§ **WHAT THE EXERCISE ASKS**: Give the listing again exactly, omitting its images.

§ **DATA EXTRACT**:
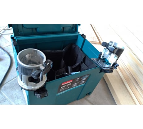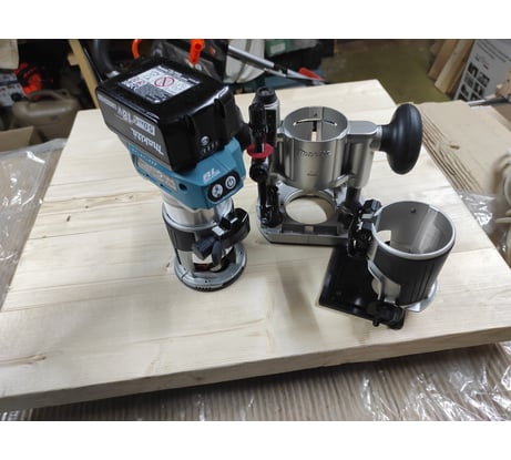 Доброго времени всем, начну с того, что написать хороший отзыв дело не лёгкое, но в битве за первое место на розыгрыш от Makita поехали. Заказ №2408-224809-57797 Фрезер Makita LXT DRT50ZJX2 приобрёл ещё в августе двадцать четвёртого, был хороший день, была хорошая цена на данную комплектацию от ВИ. В домашней мастерской хоть и есть сетевая Makita 3711 но комплект по ней очень голый. Покупать отдельно под неё базы не стал. А тут комплект наполнен и базами и цангой на 8мм. Ни так давно поступил заказ от деток, им для игр в игрушки стал необходим дом. Они нарисовали мне проект, папа его доработал, честно говоря усложнил себе задачу, смотрите фото. Прикупил фанеру 15мм 10мм и 8мм заготовил заготовки. Так как с работы привез домой инструмент ни давно, решил поиграться DRT50 срезаю пломбу с кейса MakPac. Так как акб постоянно в работе, не было случая воспользоваться в домашней мастерской, пахала 3711. А тут думаю, как раз пока дома батарейки, вскрою и посмотрим что там за зверь, честно сказать отсутствие провода при работе весьма оставило положительные эмоции, а работа под нагрузкой вообще сказка, получилось гораздо быстрее сделать чем сетевой, так как она при более быстром прохождение реза, начинает затухать по оборотам. Но опять ей же глубина бывала работ значительно больше, чем этой fifty на этом проекте. Так же, то, что есть у fifty подсветка, значительный плюс, регулировка оборотов, для разного вида материалов, плавный старт. На акб 5а/ч прошел фрезой 8мм глубина 3мм порядка около 15 метров, и акб села от полного заряда до одного деления. Заслуга безщеточного мотора и оригинальных акб от реноватора DTM52RTJX1 В процессе данного проекта подключил в эту работу много инструмента серии Lxt и понял одно, четырёх батарей что есть у меня, не хватает для полноценной продуктивной работы всем инструментом в один забег. Да на работе их более чем хватает на шурик перф и ушм. А вот работая со всем что на фото, если пропустит модератор, честно сказать не удобно, перекидывать батарейки хоть это и не долго, но всё же. Да и с батарейками у меня подход такой, когда разряд подходит к одному делению, я ни когда не ставлю из сразу в зарядку, жду примерно около пол часа, чтоб остыли банки, только после этого на зарядку, так они будут жить гораздо дольше, хоть и сам зарядник защитит от заряда перегретых банок, но так ещё надёжнее. В целом по самому фрезеру одно скажу, то что прикупил его, очень рад покупке, хоть и воспользовался им спустя чуть больше года, оно того стоило. В самом проекте так же приняли участие модели от макиты DDF487 DBO180 DBO380 DJR185 DAS180 На фото жаль не успел завершить на 100% проект, так как вечерами ни так и много времени на это хобби. А отзыв пора уже загружать, в целом вернёмся к DRT50ZJX2 Если у Вас есть акб линейки Lxt то данную комплектацию можно брать, так оно выходит дешевле, если же собрать отдельно такой же комплект.
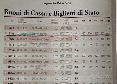 Riferimento: cat. La Cartamoneta Italiana Sezione : appendice prima serie foto 4 e 5 Riga: B63A Buono di cassa da 2 Lire 1914 primissima serie 001 , periziata qspl foto 6 le foto soprattutto quella in controluce mostrano biglietto senza grosse pieghe , che probabilmente ha circolato molto poco (qualche unghiata e un lato leggermente frastagliato) ma deturpato da inchiostro blu , da qui il grado di qspl. Sul fronte leggera sbiaditura. Tutto come fotodocumentato che sono parte integrante dell' annuncio. Rarissima , R4. Stima in spl 400 euro. Possibile sconto con bonifico anticipato.
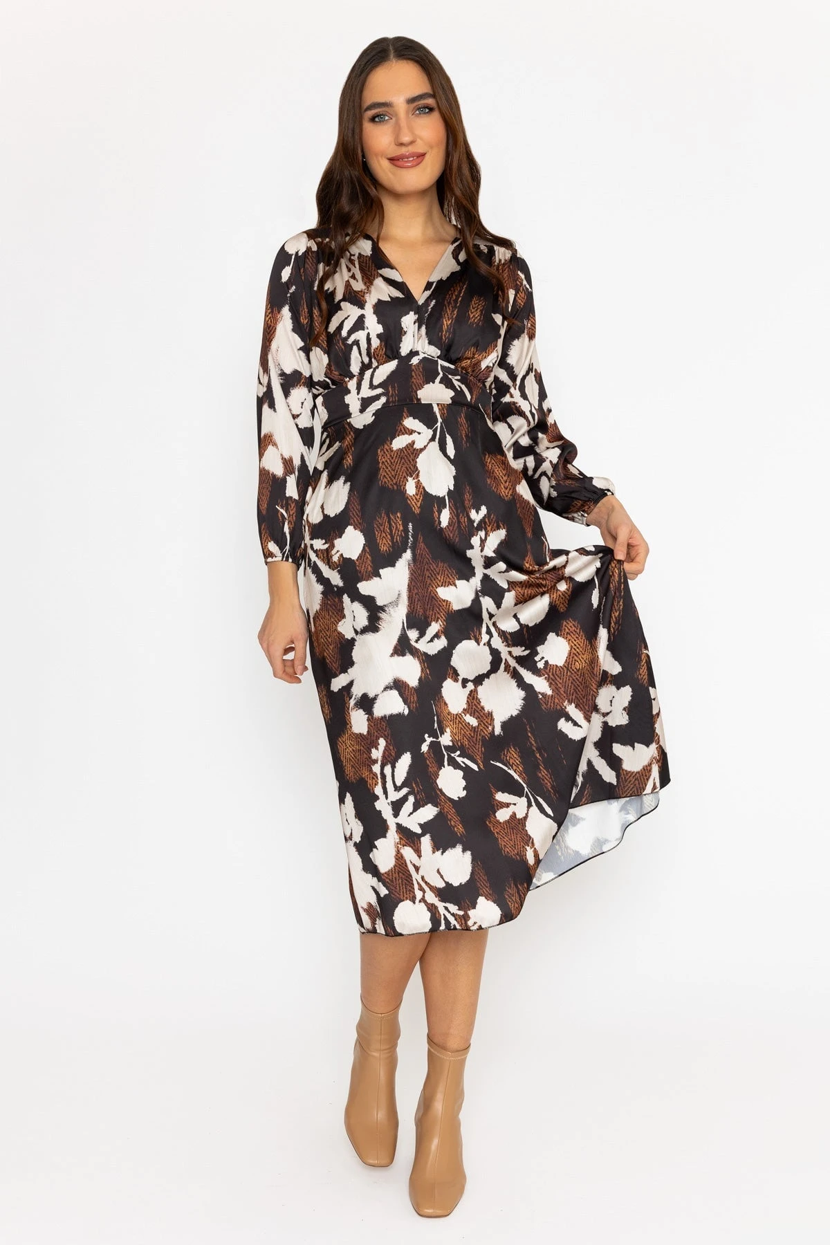 Long sleeved midi dress in brown print by Pala D’oro. Perfect for any occasion. This stunning midi dress boasts an eye-catching print that is sure to turn heads. With its flattering silhouette and comfortable fit, it’s the perfect choice for any occasion.

§ **RESULT BELOW**:
 Доброго времени всем, начну с того, что написать хороший отзыв дело не лёгкое, но в битве за первое место на розыгрыш от Makita поехали. Заказ №2408-224809-57797 Фрезер Makita LXT DRT50ZJX2 приобрёл ещё в августе двадцать четвёртого, был хороший день, была хорошая цена на данную комплектацию от ВИ. В домашней мастерской хоть и есть сетевая Makita 3711 но комплект по ней очень голый. Покупать отдельно под неё базы не стал. А тут комплект наполнен и базами и цангой на 8мм. Ни так давно поступил заказ от деток, им для игр в игрушки стал необходим дом. Они нарисовали мне проект, папа его доработал, честно говоря усложнил себе задачу, смотрите фото. Прикупил фанеру 15мм 10мм и 8мм заготовил заготовки. Так как с работы привез домой инструмент ни давно, решил поиграться DRT50 срезаю пломбу с кейса MakPac. Так как акб постоянно в работе, не было случая воспользоваться в домашней мастерской, пахала 3711. А тут думаю, как раз пока дома батарейки, вскрою и посмотрим что там за зверь, честно сказать отсутствие провода при работе весьма оставило положительные эмоции, а работа под нагрузкой вообще сказка, получилось гораздо быстрее сделать чем сетевой, так как она при более быстром прохождение реза, начинает затухать по оборотам. Но опять ей же глубина бывала работ значительно больше, чем этой fifty на этом проекте. Так же, то, что есть у fifty подсветка, значительный плюс, регулировка оборотов, для разного вида материалов, плавный старт. На акб 5а/ч прошел фрезой 8мм глубина 3мм порядка около 15 метров, и акб села от полного заряда до одного деления. Заслуга безщеточного мотора и оригинальных акб от реноватора DTM52RTJX1 В процессе данного проекта подключил в эту работу много инструмента серии Lxt и понял одно, четырёх батарей что есть у меня, не хватает для полноценной продуктивной работы всем инструментом в один забег. Да на работе их более чем хватает на шурик перф и ушм. А вот работая со всем что на фото, если пропустит модератор, честно сказать не удобно, перекидывать батарейки хоть это и не долго, но всё же. Да и с батарейками у меня подход такой, когда разряд подходит к одному делению, я ни когда не ставлю из сразу в зарядку, жду примерно около пол часа, чтоб остыли банки, только после этого на зарядку, так они будут жить гораздо дольше, хоть и сам зарядник защитит от заряда перегретых банок, но так ещё надёжнее. В целом по самому фрезеру одно скажу, то что прикупил его, очень рад покупке, хоть и воспользовался им спустя чуть больше года, оно того стоило. В самом проекте так же приняли участие модели от макиты DDF487 DBO180 DBO380 DJR185 DAS180 На фото жаль не успел завершить на 100% проект, так как вечерами ни так и много времени на это хобби. А отзыв пора уже загружать, в целом вернёмся к DRT50ZJX2 Если у Вас есть акб линейки Lxt то данную комплектацию можно брать, так оно выходит дешевле, если же собрать отдельно такой же комплект.
 Riferimento: cat. La Cartamoneta Italiana Sezione : appendice prima serie foto 4 e 5 Riga: B63A Buono di cassa da 2 Lire 1914 primissima serie 001 , periziata qspl foto 6 le foto soprattutto quella in controluce mostrano biglietto senza grosse pieghe , che probabilmente ha circolato molto poco (qualche unghiata e un lato leggermente frastagliato) ma deturpato da inchiostro blu , da qui il grado di qspl. Sul fronte leggera sbiaditura. Tutto come fotodocumentato che sono parte integrante dell' annuncio. Rarissima , R4. Stima in spl 400 euro. Possibile sconto con bonifico anticipato.
 Long sleeved midi dress in brown print by Pala D’oro. Perfect for any occasion. This stunning midi dress boasts an eye-catching print that is sure to turn heads. With its flattering silhouette and comfortable fit, it’s the perfect choice for any occasion.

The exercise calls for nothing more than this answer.